Document Type

Article

Publication Date

January 2013

Comments

59 Loyola Law Review 289 (2013)

Abstract

The Individuals with Disabilities Education Act (IDEA) requires school districts to assess children “in all areas of suspected disability.” It further provides that each child’s individualized education program (IEP) must contain measurable annual goals designed to “meet each of the child’s . . . educational needs that result from the child’s disability,” and a statement of special education and related services that will be provided for the child “to advance appropriately toward attaining annual goals.” Courts have strictly enforced these requirements in the last several years, remedying violations of IDEA when school districts fail to assess in all areas of suspected disability or do not establish goals and services to meet each of the child’s needs resulting from the disability. This Article offers three interpretations of this recent development. First, what the courts are doing may represent an effort to enforce provisions of IDEA that stand apart from the limited reading that a 1982 Supreme Court case placed on the requirement in the statute to provide a free, appropriate public education.

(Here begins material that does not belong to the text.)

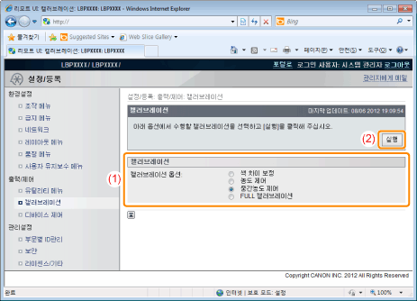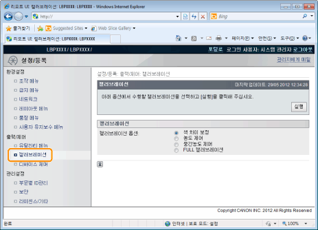 보정 실행 시 주의 사항보정을 빈번히 실행하면 토너 카트리지 수명에 영향을 미칠 수 있습니다. 토너가 토너 카트리지에 남았는지 확인한 후 보정을 실행합니다.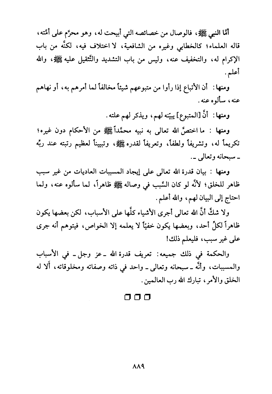 ولا شكَّ أن الله تعالى أجرى الأشياء كُلَّها على الأسباب، لكن بعضها يكون ظاهرًا لكلِّ أحد، وبعضها يكون خفيًّا لا يعلمه إلا الخواص، فيتوهم أنه جرى على غير سبب، فليعلم ذلك!

Second, the development may signify a different way of looking at special education obligations under the law, one well adapted to the ever-increasing importance attached to providing services in settings that are less restrictive and maintain the greatest inclusion of students with disabilities with nondisabled students. Third, the cases might simply be a reaction to cutbacks on evaluations and services that school districts have imposed because of financial strains brought about by the Great Recession. This Article will not try to declare which of these interpretations is the correct one, and in fact all three may be true. But the Article will conclude that enforcement of these provisions furthers the underlying purposes Congress had in enacting IDEA.